── Materials provided ──

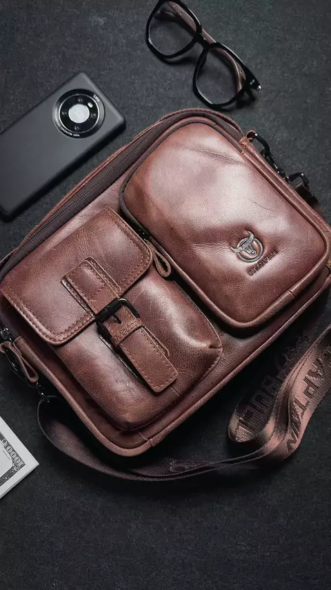 Men's Genuine Leather Crossbody Bag - Top Layer Cowhide, Minimalist Retro Style, Adjustable Strap, Multiple Compartments, Deep Brown, Perfect for Everyday Use or as a Thoughtful Gift, Professional Accessory | Sleek Leather Bag | Genuine Cowhide Leather
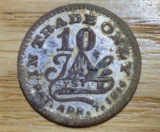 1863 C.W. store token (reverse)
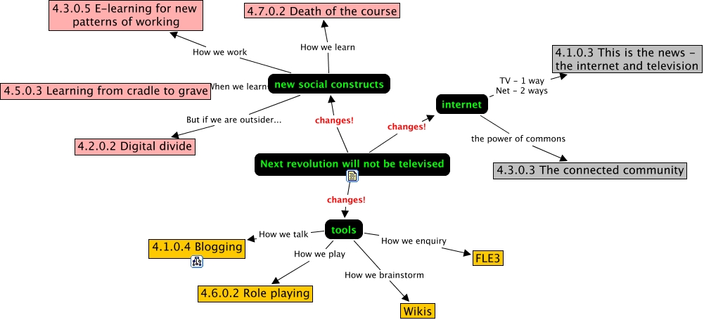 This Concept Map, created with IHMC CmapTools, has information related to: Michel - module 4 - context, Next revolution will not be televised changes! new social constructs, tools How we play 4.6.0.2 Role playing, internet TV - 1 way Net - 2 ways 4.1.0.3 This is the news - the internet and television, new social constructs When we learn 4.5.0.3 Learning from cradle to grave, internet the power of commons 4.3.0.3 The connected community, new social constructs How we work 4.3.0.5 E-learning for new patterns of working, new social constructs But if we are outsider... 4.2.0.2 Digital divide, tools How we brainstorm Wikis, tools How we enquiry FLE3, Next revolution will not be televised changes! tools, tools How we talk 4.1.0.4 Blogging, new social constructs How we learn 4.7.0.2 Death of the course, Next revolution will not be televised changes! internet
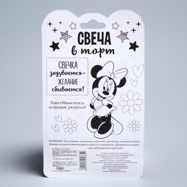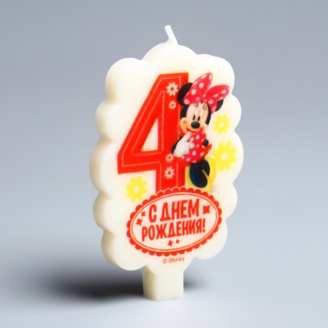 Описание Свеча в торт Дисней 4 "С Днем Рождения", Минни Маус
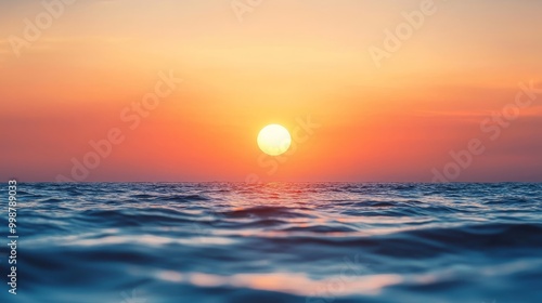 Serene sunset over tranquil ocean waves, warm orange hues.
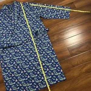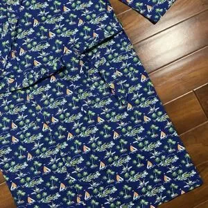 Polo Ralph Lauren Men's Size L / XL Blue Tropical Sailboat Print 100% Cotton Robe, No Stretch, Tie Belt, Pockets
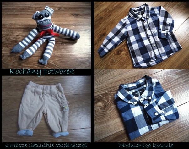 Tym razem wyszukałam dla Szymonka cieplutkie spodenki w sam raz na spacerki w chłodne dni, elegancką koszulę h&m do jeansów-idealna....
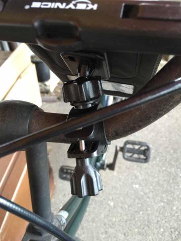 マウントキットを使い、自転車のハンドルに取り付けてみました。
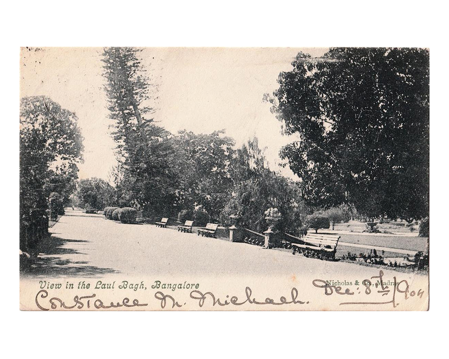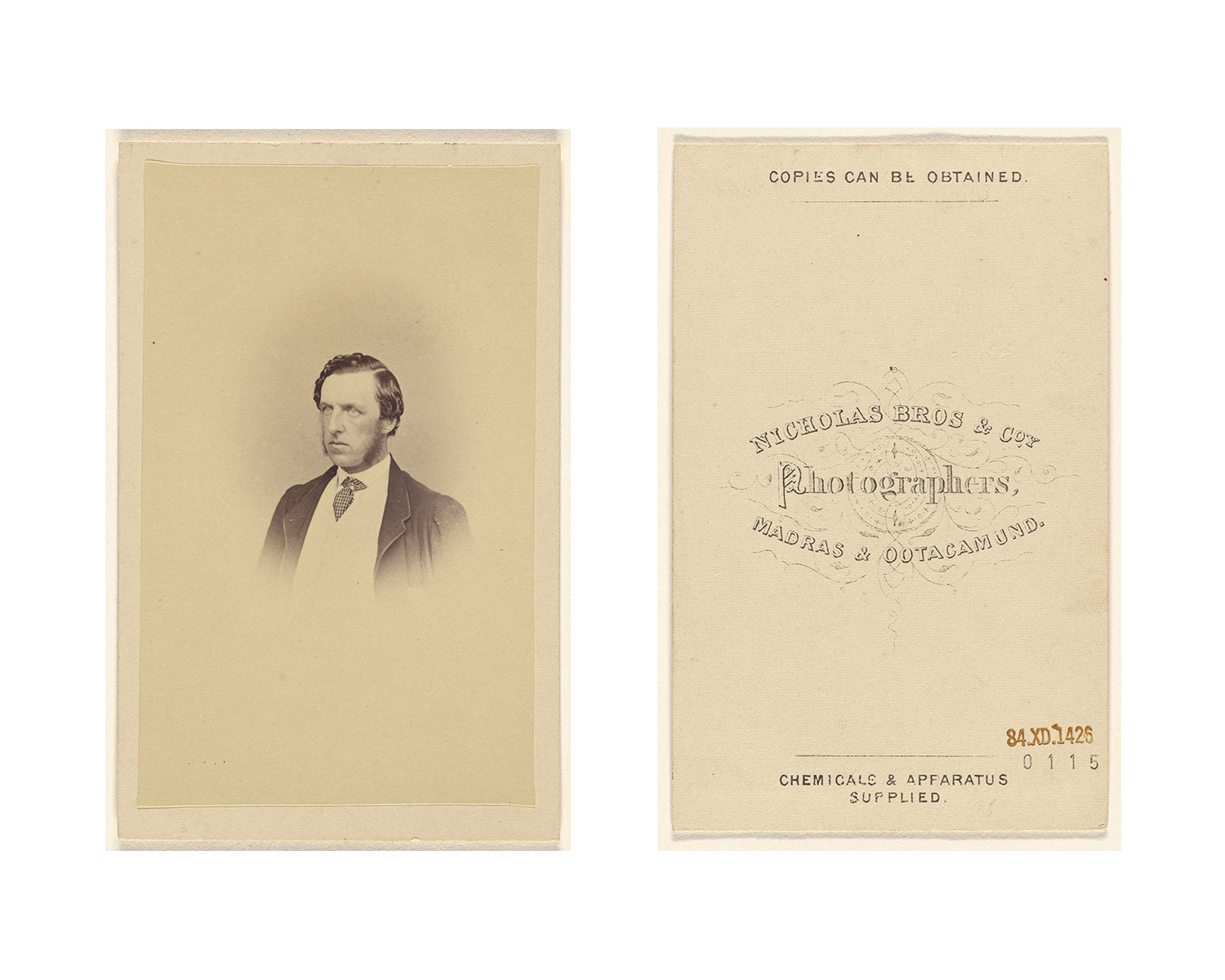 One of the earliest photographic studios in southern India, Nicholas & Co. began in 1857 at Mount Road, Madras (now Chennai). It was founded by the English photographer John P Nicholas, who was soon joined by his brother James; from 1861 they ran the studio together under the name Nicholas Brothers. It underwent several changes of name and ownership, becoming Nicholas & Co. in 1873.
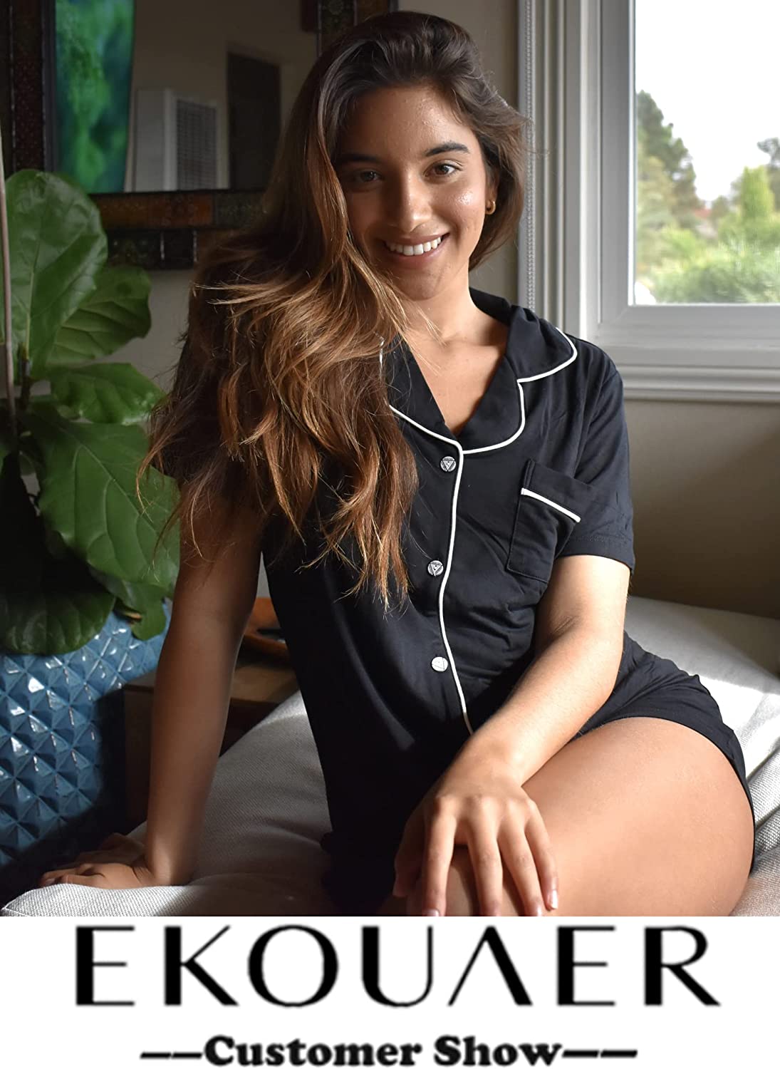 Ekouaer Pajamas Women's Short Sleeve Pajamas Buttoned Homewear Soft Pajama Shorts Set $171.0 |
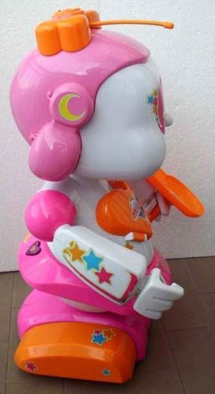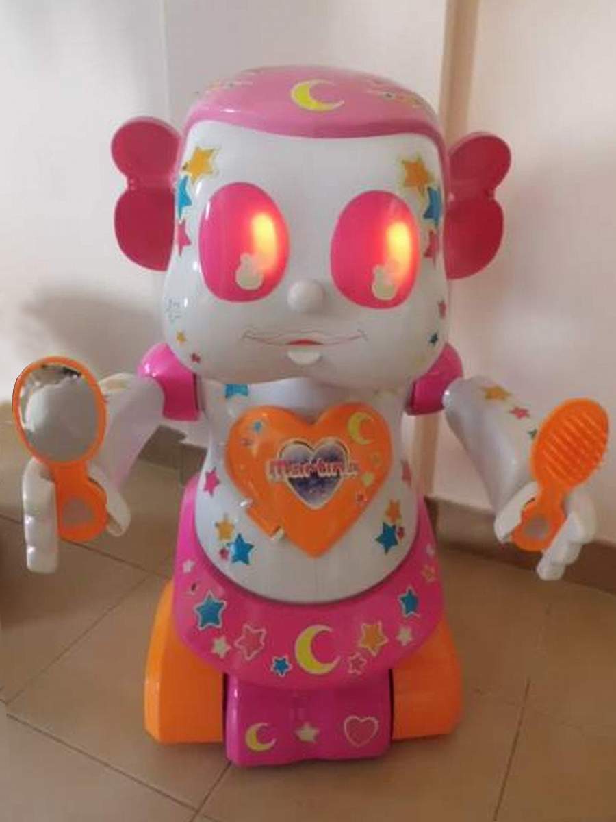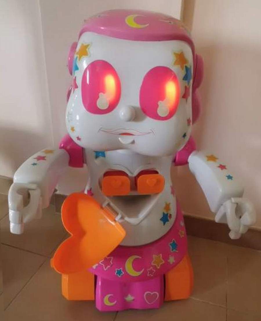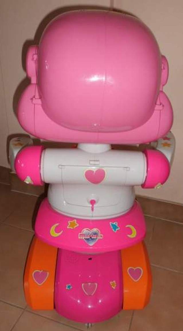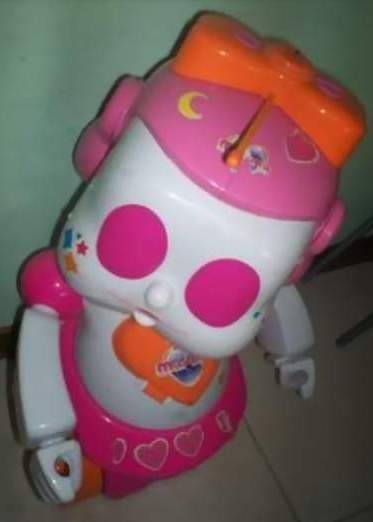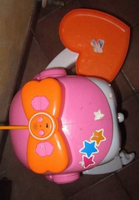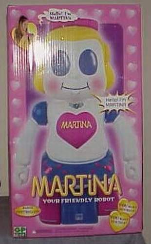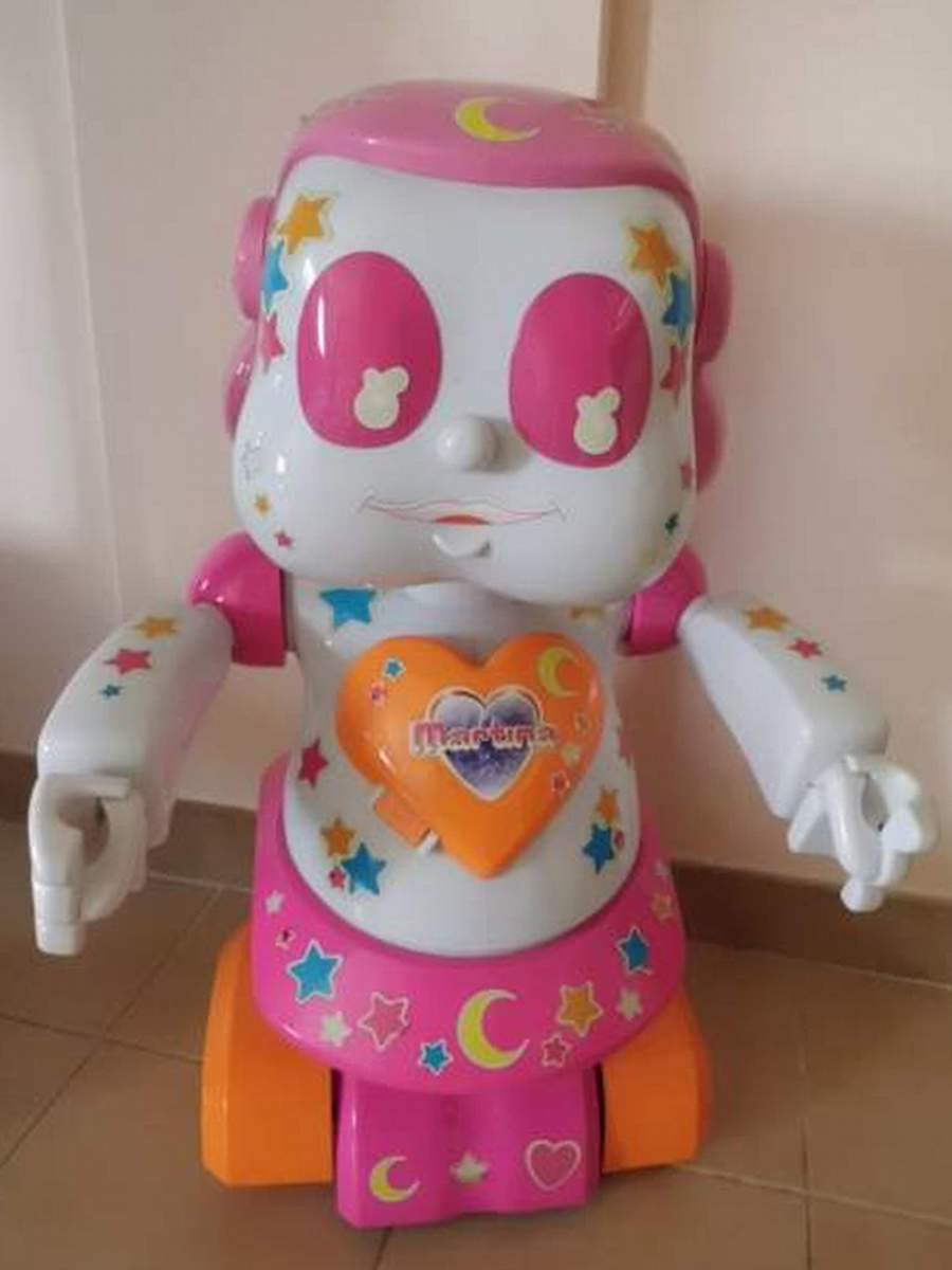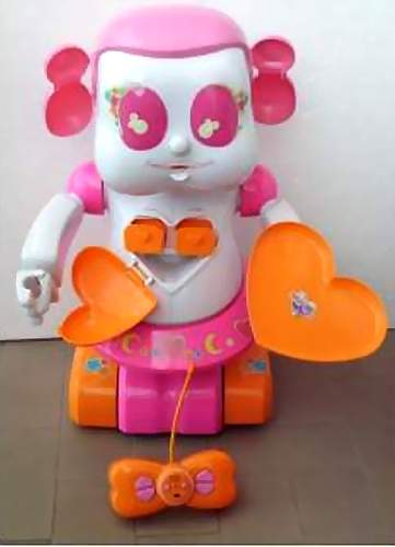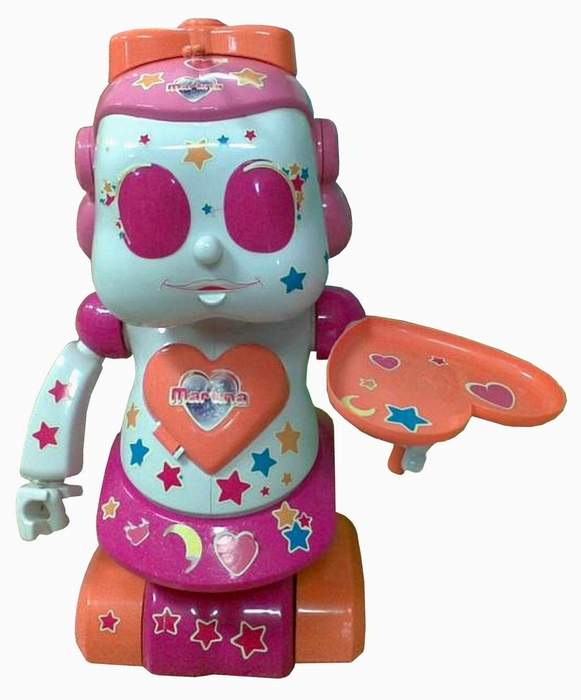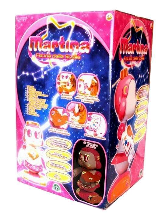 | ROBOT MARTINA CUORICINO hits for a variety of functions that gives the child has a remote control. Infatti more powered by a 9 volt battery in the form of BOW placed on the hair, which also operated from a distance, allows it forward, backward, steer and parlare. Has articulated arms and hands grasping, and can hold small objects, and a heart-shaped tray, inserted between the fingers of one hand; In Supplied with a secret in a Notebook compartment on the back with closed lock; But the most surprising thing is that you can talk to Martin with three different tones of voice (normal, digitized, robotic), while the voice is actually that of the girl who is transformed! So you will discover other tasty surprises MARTINA. Prodotto in the 90s by Giochi Preziosi. |

───

Directions
Pictures are to be dropped; the lines from the start of the entries above through the line with "マウントキットを使い、自転車のハンドルに取り付けてみました。" are to be given again verbatim.

Exercise result
 Men's Genuine Leather Crossbody Bag - Top Layer Cowhide, Minimalist Retro Style, Adjustable Strap, Multiple Compartments, Deep Brown, Perfect for Everyday Use or as a Thoughtful Gift, Professional Accessory | Sleek Leather Bag | Genuine Cowhide Leather
 1863 C.W. store token (reverse)
 This Concept Map, created with IHMC CmapTools, has information related to: Michel - module 4 - context, Next revolution will not be televised changes! new social constructs, tools How we play 4.6.0.2 Role playing, internet TV - 1 way Net - 2 ways 4.1.0.3 This is the news - the internet and television, new social constructs When we learn 4.5.0.3 Learning from cradle to grave, internet the power of commons 4.3.0.3 The connected community, new social constructs How we work 4.3.0.5 E-learning for new patterns of working, new social constructs But if we are outsider... 4.2.0.2 Digital divide, tools How we brainstorm Wikis, tools How we enquiry FLE3, Next revolution will not be televised changes! tools, tools How we talk 4.1.0.4 Blogging, new social constructs How we learn 4.7.0.2 Death of the course, Next revolution will not be televised changes! internet
 Описание Свеча в торт Дисней 4 "С Днем Рождения", Минни Маус
 Serene sunset over tranquil ocean waves, warm orange hues.
 Polo Ralph Lauren Men's Size L / XL Blue Tropical Sailboat Print 100% Cotton Robe, No Stretch, Tie Belt, Pockets
 Tym razem wyszukałam dla Szymonka cieplutkie spodenki w sam raz na spacerki w chłodne dni, elegancką koszulę h&m do jeansów-idealna....
 マウントキットを使い、自転車のハンドルに取り付けてみました。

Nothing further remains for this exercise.